На острове, украденном из «Тысячи и одной ночи», который назывался Заин-аль-абидин, я пил из тульского самовара братьев Баташевых чай с молоком, солью и кардамоном.
Благоухающая свежесть сринагарских ночей. Переменчивые ветры доносят сладковатый дымок кизяка и щемящую тополиную горечь. После затянувшейся далеко за полночь мушаиры я гоню от себя сон, прихлебывая все тот же крепкий сиккимский чай, щедро заправленный солью и оранжевым буйволиным маслом. Обложившись справочниками, проспектами, картами, пытаюсь объять необъятное. Подсчитываю километры, часы, столбиками выписываю высоту и грузоподъемность мостов. Хочется побывать везде, увидеть как можно больше. Но где-то в области 3000 метров над уровнем моря обрываются автодороги. Раз-другой я, конечно, могу воспользоваться услугами конных проводников, но не больше. Ни средства не позволяют, ни время.
Начну с Гульмарга, потому что именно там мне было дано впервые принять причастие Гималаев, которые много больше, чем просто горы. Порой мне кажется, что стоит лишь чисто интуитивно понять тайну их удивительной притягательности, и сами собой вдруг разрешатся все загадки мироздания.
Я выехал из Сринагара перед рассветом, когда луна еще в полную силу сияла над кронами карагачей.
По обе стороны шоссе Сринагар — Гульмарг (51 километр) тесно, как солдаты в строю, стояли пирамидальные тополя. Их густые тени исполосовали влажный от росы асфальт.
Дорога скоро стала забирать все выше, и не успело выскочить солнце, как начался бесконечный серпантин. На поворотах то и дело открывалась туманная пропасть. Мелькали какие-то хижины, где в окнах еще теплился свет, и вдруг с кинематографической стремительностью развертывается панорама рисовых террас на пологих склонах, грохочущих потоков, вырывающихся из тесных ущелий на широкие галечные равнины.
В солнечном озарении долина засверкала мириадами влажных ослепительных бликов. Камни, окрасившись в нежные аметистовые тона, словно обрели матовую прозрачность. А секунду раньше, когда первая капля солнечного расплава прорвала доменную летку ущелья, все вокруг лучилось невероятной зеленой радугой.
Восход, как взрыв. «Словно гром из-за морей» — определил Киплинг зарю над Бирмой. Пусть о рассвете над Гималаями скажет Риши Виаса, легендарный автор «Бхагават Гиты» — Священной песни:
Силой безмерной и грозной…
Небо над миром пылало б,
Если б тысяча солнц Разом над ним заблистала.
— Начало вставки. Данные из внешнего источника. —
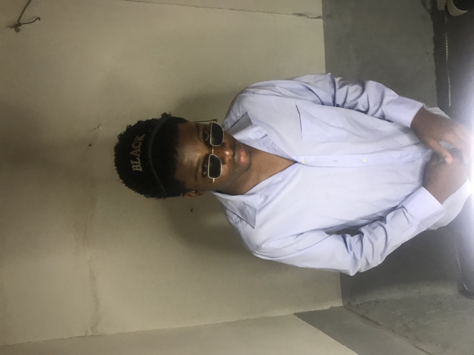 An individual, appearing to be a young adult male of dark complexion, stands in an indoor corner

Не знаю, как насчет тысячи, но два солнца я видел: одно рядом с другим. Потом они слились воедино и небо наполнилось солнечными фантомами. Словно вырезанные по точному размеру слепящего диска из зеленого целлофана, они пятнали облака, горы, кукурузные поля, рисовые чеки. Пятна чуть подрагивали в воздухе в такт морганию, но не исчезали. И все выглядело зеленым сквозь них. Я жмурился, отворачивался, чтобы украдкой глянуть из-за плеча, даже закрывался ладонью, но ничего не менялось. Зеленые кружки — их не убавлялось, не прибавлялось — лишь подымались над долиной вместе с Сурьей — лучезарным богом вед.
Исчезли они так же неожиданно, как и появились, когда разгорелся день.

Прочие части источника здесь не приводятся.